In my judgment, the change of circumstances that can be found in moving from a Roman emperor like Nero to life under a British prime minister or an American president is so cataclysmic that major changes in the ethical directives must also be made. That is, “living under the order” no longer means “submission” in the way it did in the first century. What we do now is to live decently and as good citizens, but we can still be good citizens in vehement protests and civil disobedience in a way that was completely outside the capacity for first-century citizens (and noncitizens). We ought to respect our leaders, but we do not for a minute think we have to obey their every wish—out of a fear of serious punishment.
civil obedience gives the Gospel a good name.
2:18—20 - Even slaves should submit to their masters, good or unjust, because God both sees their plight and rewards their unjust suffering.

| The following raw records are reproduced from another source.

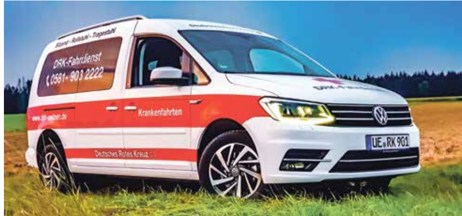
▲ Fahrten mit Tragestuhl und Rollstuhl sowie sitzend werden durchgeführt.

Die Fahrten erfolgen auf Anforderung durch den Arzt, die Abrechnung erfolgt über eine ärztliche Verordnung. „Nach Meinung der Kostenträger und nach einer
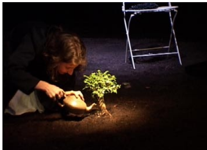
RUE DU RETOURNE-T'EN (2005)
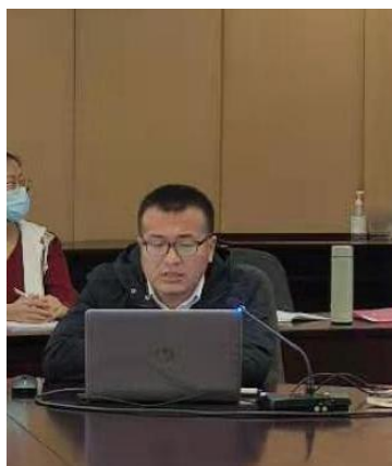
代志波布置本学期评建工作安排
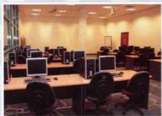
ICT Training Room / Bilik Latihan ICT
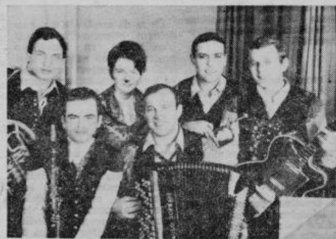
Ansambel Toneta Kmetca y prvotni sestavi

Pred kratkim so se dogovorili o pripravah na jubilejno društvo. Predvideno je, da bo 15. avgusta letos pregled vrzobnoslovenske folklorne v Cirkovcah. Prireditelj bo v dveh delih in sicer bodo v prvem delu prikazali nastope skupin z izvornim sporedom, v tem delu bodo nastopile skupine iz Markovec, Pebrčja, Lancove vasi in iz
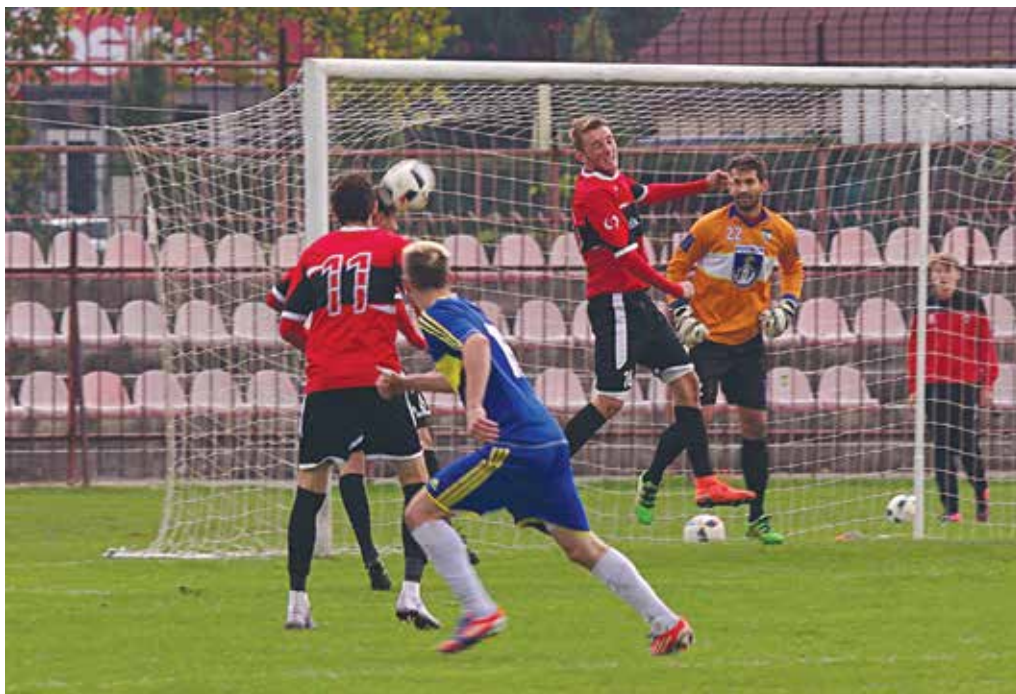
Púchovskej obrane (v červenom) sa na trávniku FC Horses nepodarilo udržať čisté konto tak, ako v domacom stretnutí pred týždňom s rezervou Zlatých Moraviec.

Výsledky 11. kola: Šaľa – Neded 4:3, V. Meder – Gabčíkovo 1:1, Horná Nitra – Dubnica 3:0, N. Zámky – L. Rovne 1:2 (Pokorný, Čiernik), Šurany – Topoľčany 0:0,
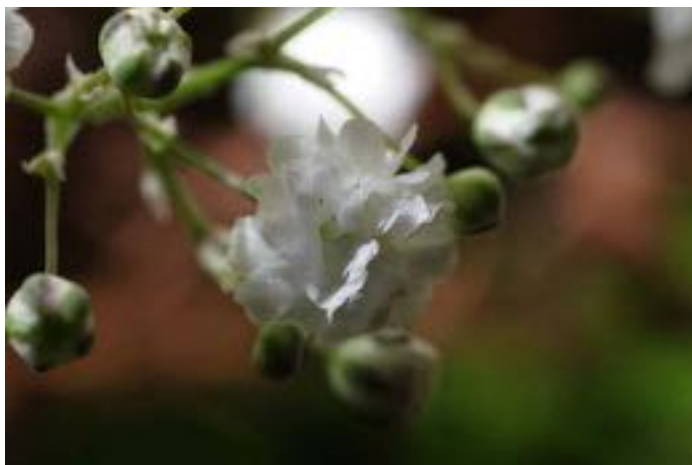
Gypsophila paniculata
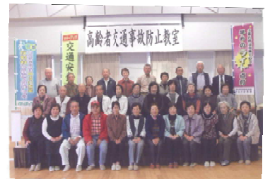
昨年の実施教室の様子

平成27年の香川県における交通事故死者数は、 やはり約6割を65歳以上高齢者が占めている状況です。 交通事故に遭わないようにするには、高齢者自身が 防止策を身に付けることが必要です。
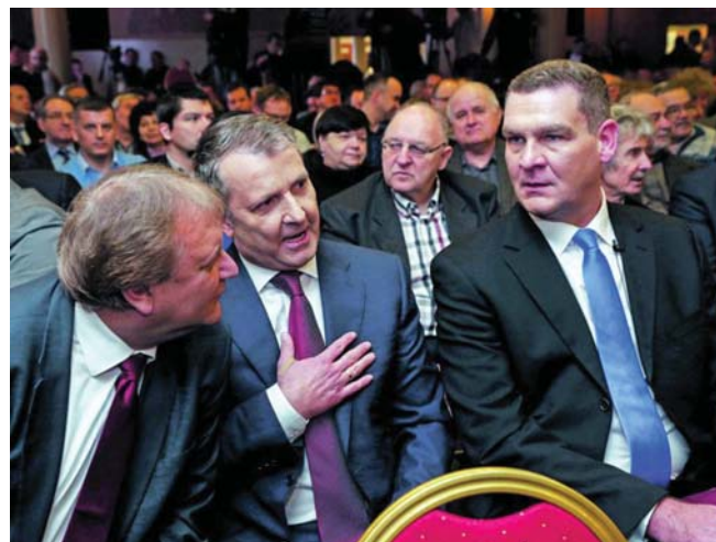
BOTKA LÁSZLÓ AZ MSZP VEZETŐIVEL

Azt is tudja, hogy a magyar kapitalizmus egy ilyen váratlan fordulat esetén aligha kapna hatékony segítséget az EU és a NATO intézményeitől. Ezt bizonyítja a migránsügy is. Nem kíván sem az EU-ból, sem a NATO-ból kilépni, de biztonsági pilléreket épít ki. Ilyen a magyar–orosz, vagy a magyar–kínai együttműködés, és ilyen a visegrádi országok együttműködése is. A belpolitikában Orbán világossá tette, hogy a stabilitás érdekében, azaz egy társadalmi forradalom elkerülése
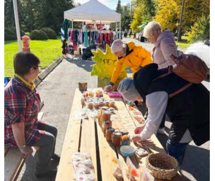
Uute uiskude kogumisfond alustab.

Kuna oli sügise esimene päev, siis tervitasime sügist oma valmistatud rannakaartidega.
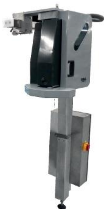
Печатающее устройство и электрический шкаф
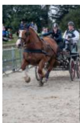
Concours d'attelage
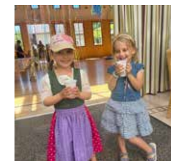
Die Kleinen hatten sichtlich Spaß.
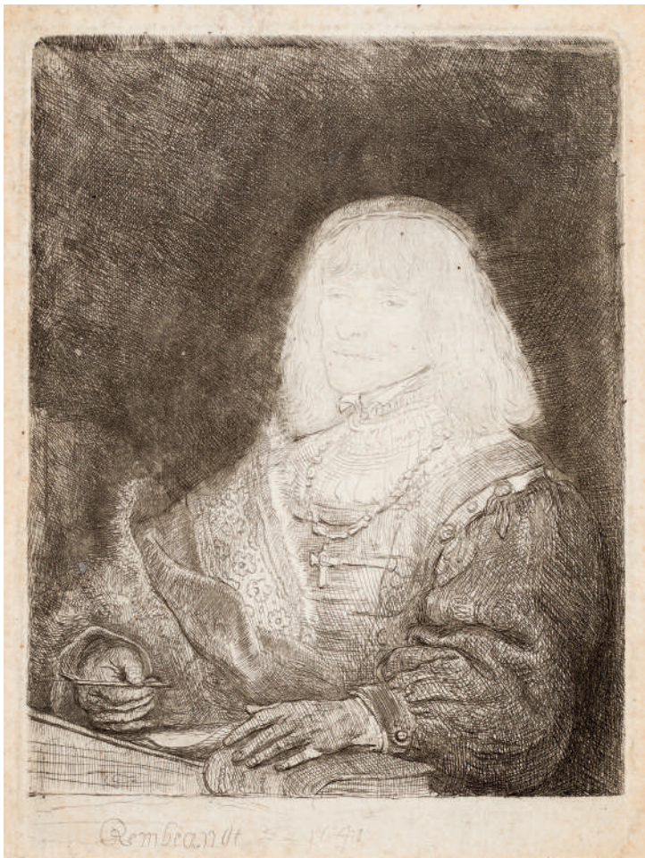
Homem à Escrivaninha com Cruz e Corrente // 1641 Água-forte e ponta-seca.
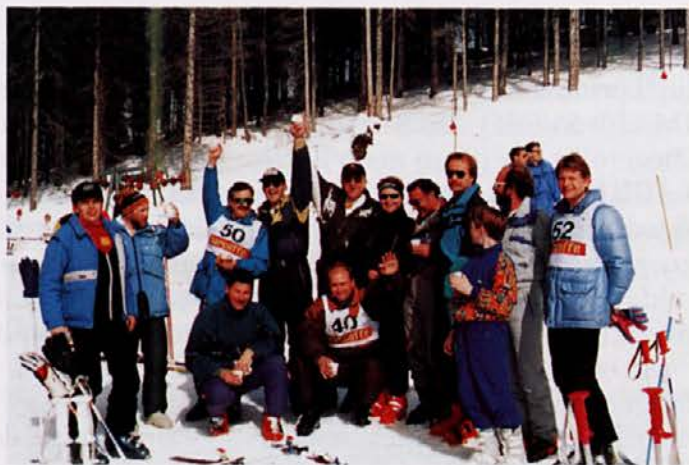
Tekmovanje je mimo, rezultatov še ni, zato vsak zase misli, da je progo najhitreje zvozil
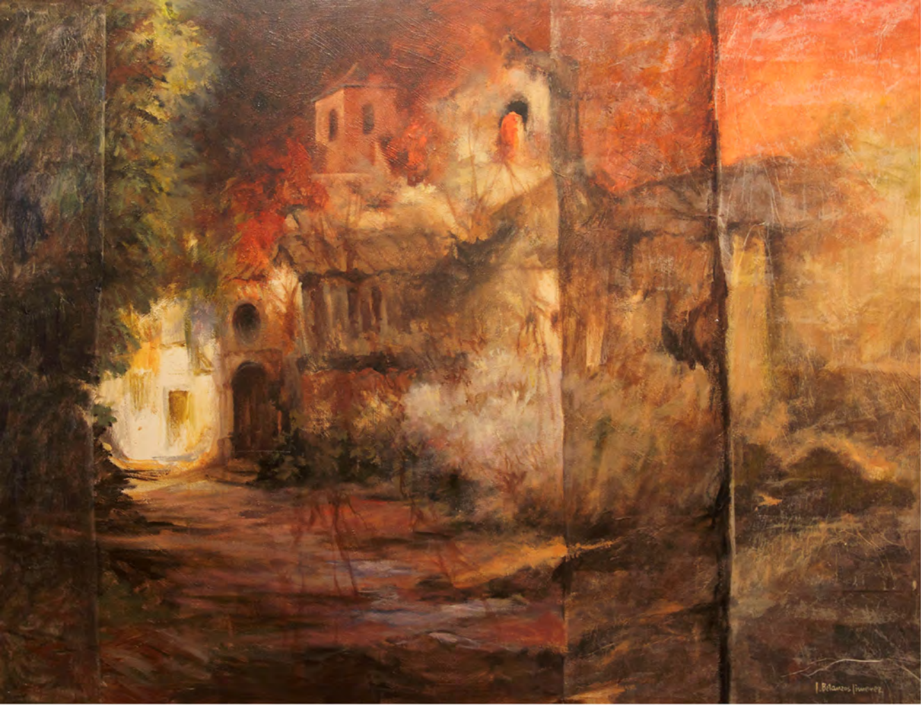
Iglesia románica, Oleo 1,20 x 0,92
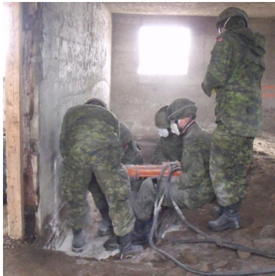
Des membres de la troupe creusent des trous de forage
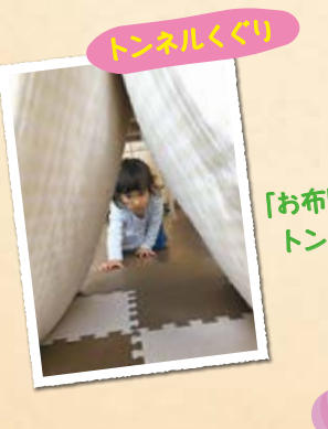
トンネルくぐり 「お布団のトンネルくぐりだ!」
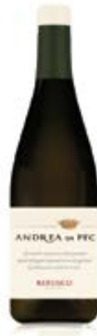
Refosco dal Peduncolo Rosso Andrea Di Pec I.G.T.

Paglierino luminoso. All'olfatto ricorda gelsomino, mughetto, pesca bianca, melone invernale acerbo, sensazioni di erba limoncella e caramella al limone. Sorso equilibrato, sostenuto da una spina dorsale fresco-sapida, con ritorni agrumati e vegetali, chiude con un respiro balsamico.
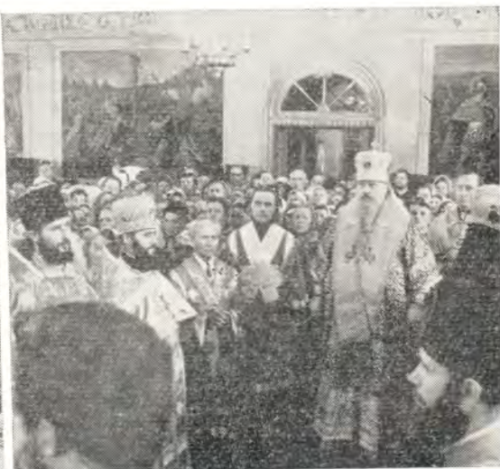
Святейший Патриарх Пимен совершает праздничный молебен пред чтимой иконой Божией Матери «Споручница грешных» 11 июня 1973 года
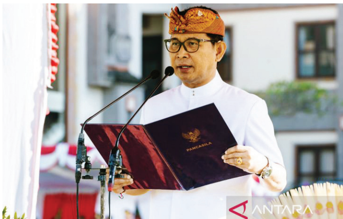
Sekda Badung I Wayan Adi Arnawa menjadi inspektur upacara peringatan Hari Kebangkitan Nasional 2023.

PEMERINTAH Kabupaten Badung, Bali meminta seluruh masyarakat di wilayah itu terus mempertahankan semangat kebangkitan nasional dengan merapatkan barisan perjuangan dan menunjukkan kerja keras, cerdas, dan bersama.
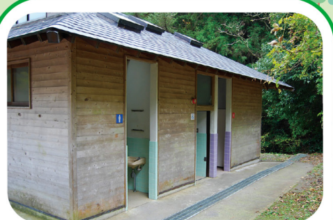
⑥ 八管山いこいの森トイレ
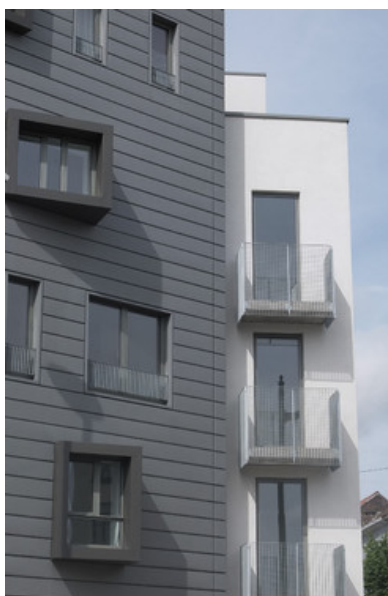
Â© ROOSE PARTNERS ARCHITECTS
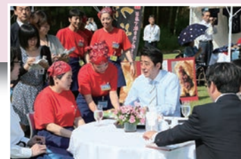
安倍総理と障がい者の集い

10月 一般社団法人ほのぼの運動協議会に。それに伴い体制改革を行う ロゴ制定 コンベンションからフォーラムへ名称を変え、支援団体との交流の場になる
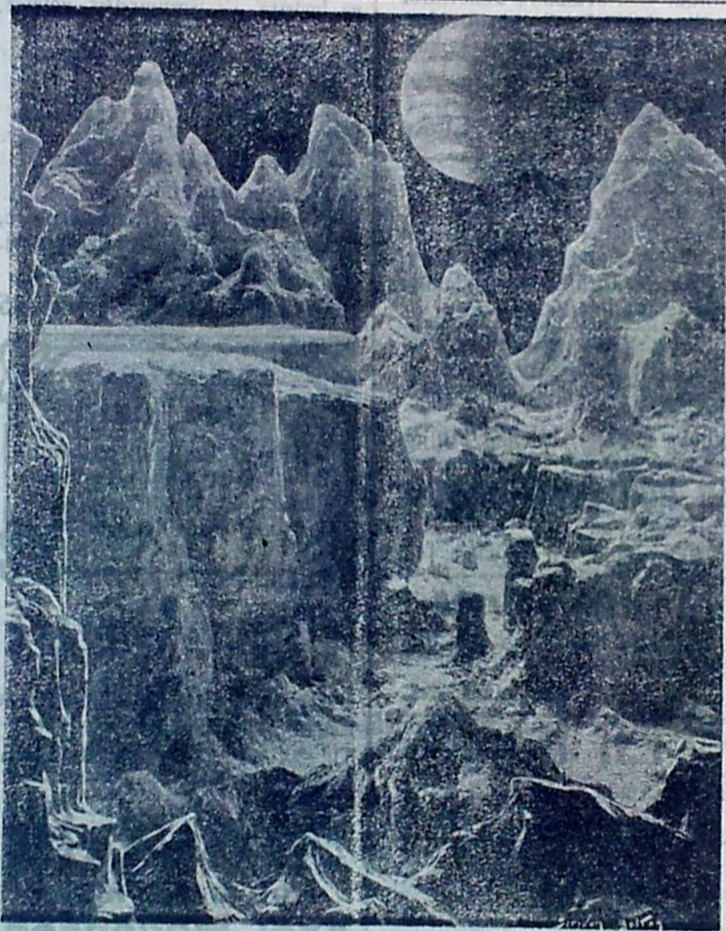
En Tegning af et Maanelandskab med vor Klode, Jorden, svævende i Baggrunden.

Nu slutter vi Rejsen. Lad os slutte den paa Sirius, den smukkeste Stjerne paa vor Himmel. — Den svæver 92 Trillioner km. fra Jorden. Og lad os fra Sirius se

Peter joins several other New Testament voices in calling believers to dispel the prejudice against them through moral, virtuous living (see also 1 Thess 4:11–12; 1 Tim 3:7; 6:1; Tit 2:5, 8). This includes, in large measure, making every possible concession to the norms of the non-Christian society in order to show that Christians can fit in with conventional morality (save for specific points of conflict, like idolatry) and thus avoid conflict over matters nonessential to the Christian confession. This should lead us to take great care in our application of New Testament codes of conduct for slaves, wives, the governed and so on, lest we take what was a concession to first-century culture and read it as a mandate for twenty-first-century Christianity.
Converted slaves and wives would come into unavoidable conflict in the domestic sphere if the master or husband had not also become a Christian. Those within the household were expected to follow the religion of the head of the household (usually, but not always a male) as part of their recognition of the respect due the head. The Christian’s avoidance of idolatry would automatically bring tension as the wife or slave refused to participate in the domestic rites that involved invocations of the household gods. For the slave it might also entail refusing commands that would compromise morality (for, indeed, slaves could also become the sexual playthings of the masters and mistresses of the household). Peter wants to ensure that if a slave must suffer in the household, it will not be for any perception of laziness or disrespect, but only for the sake of his or her commitment to Christ and the way of life Christ enjoins (1 Pet 2:18–25). Similarly, the Christian wife will so embody the cultural “ideal” of submissiveness, modesty and quietness that this will outweigh any displeasure incurred on account of her unwillingness to yield in matters religious (1 Pet 3:1–6). The instructions given to Christian slaves become the advice given to Christians in general (cf. 1 Pet 2:18–25 with 3:13–22; 4:12–16). The expectation throughout is that Christians can overcome the prejudice against them by showing that discipleship does not make people subversive of the social order. In fact, it makes them better subjects (in every sphere, both public and domestic).
Once they are divorced from their original context, it is easy to see how these texts could become manifestos for maintaining the status quo, even under oppressive and unjust conditions. Such uses, however, lose sight of the author’s goal for giving these instructions (as well as the arenas in which he calls for “civil disobedience”) and make the prophetic Spirit a cipher for domination systems. Peter tells slaves to be the best slaves they can in this situation; a few decades later John denounces the domination system—the great whore—built on the backs of slaves (Rev 18:11–13). We need great discernment to know how God would have us speak at any specific time and in any specific situation.